(INFORMATION PROVIDED Opens)
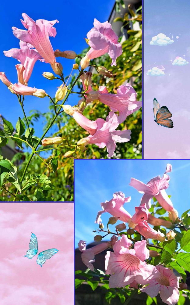 青空とピンクの花色、とても良く合いますね(*´︶`*)♡きれ〜い♪
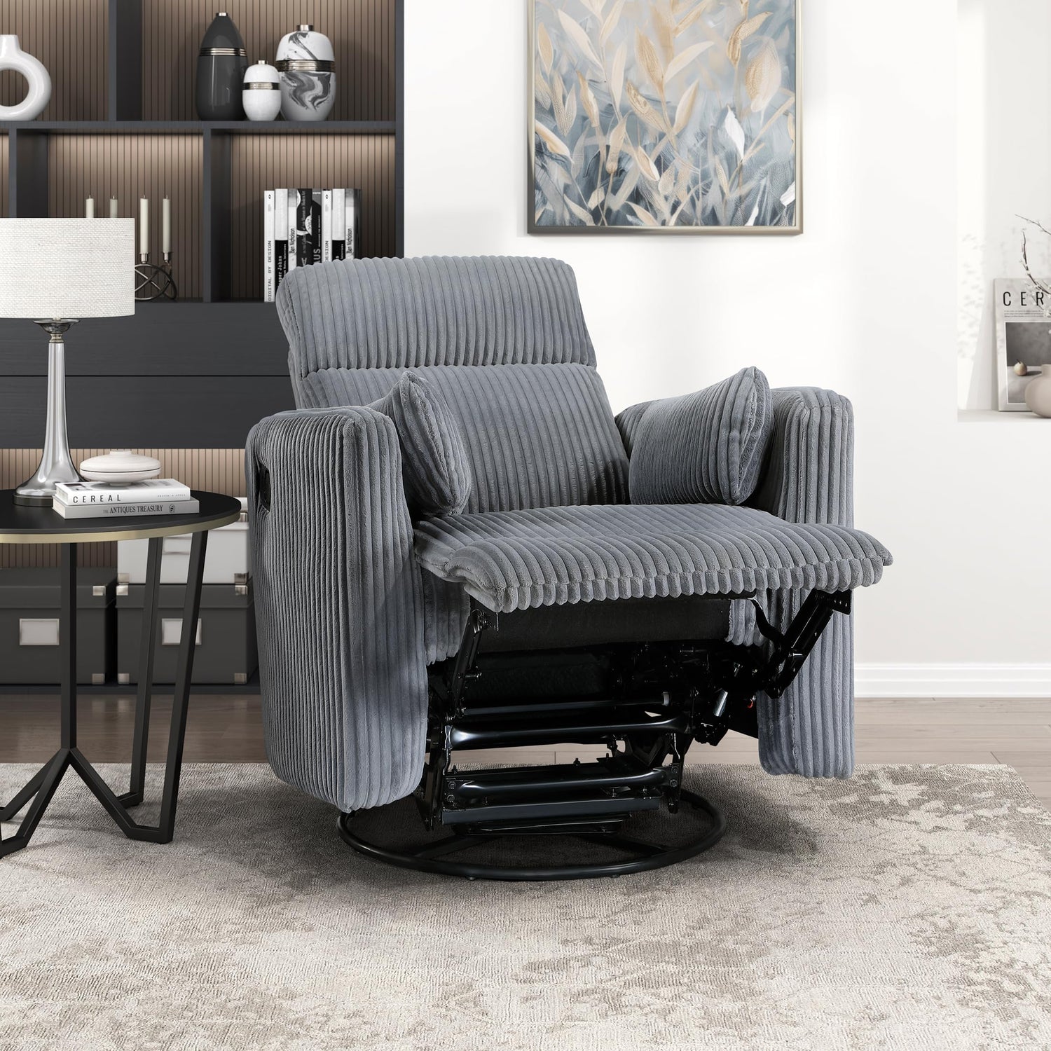 - [Contemporary & Cozy Design] This swivel recliner showcases a contemporary silhouette with luxurious corduroy upholstery in a chic solid hue. Elevated fabric channels and gently curved arms enhance its stylish and inviting appeal, making it a perfect addition to any living room, bedroom, or cozy nook
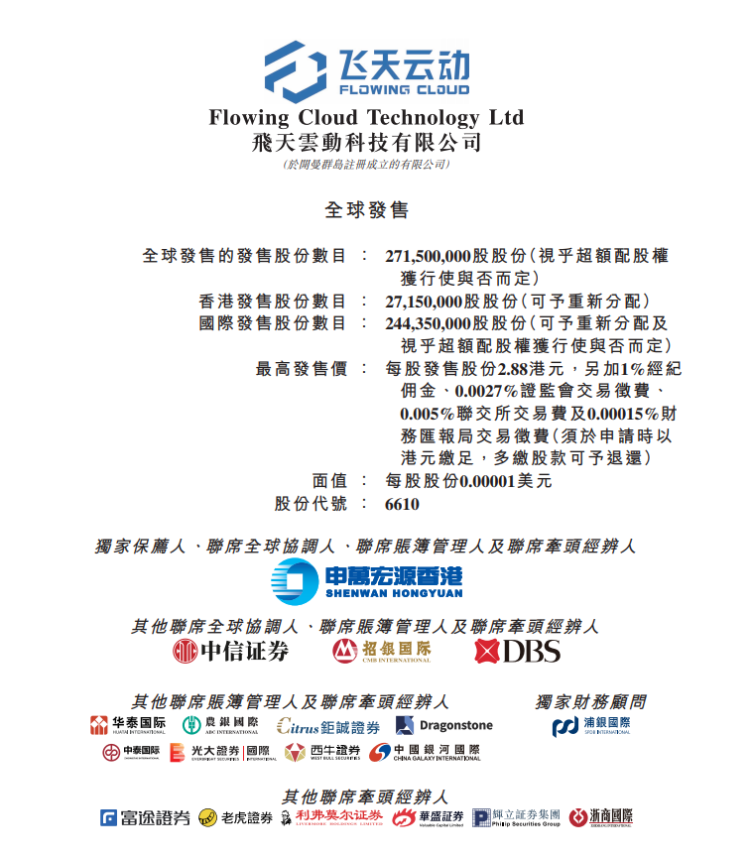 华盛资讯9月29日消息, 飞天云动(06610)于2022年9月29日-10月7日招股,该公司拟发行2.715亿股,预期股份将于2022年10月18日上市买卖。前往新股中心,申购新股>>
(INFORMATION PROVIDED Closes)
:: WHAT THE TASK ASKS ::
Copy every line above exactly; images stay out.

:: REPLY TO THE EXERCISE ::
 青空とピンクの花色、とても良く合いますね(*´︶`*)♡きれ〜い♪
 - [Contemporary & Cozy Design] This swivel recliner showcases a contemporary silhouette with luxurious corduroy upholstery in a chic solid hue. Elevated fabric channels and gently curved arms enhance its stylish and inviting appeal, making it a perfect addition to any living room, bedroom, or cozy nook
 华盛资讯9月29日消息, 飞天云动(06610)于2022年9月29日-10月7日招股,该公司拟发行2.715亿股,预期股份将于2022年10月18日上市买卖。前往新股中心,申购新股>>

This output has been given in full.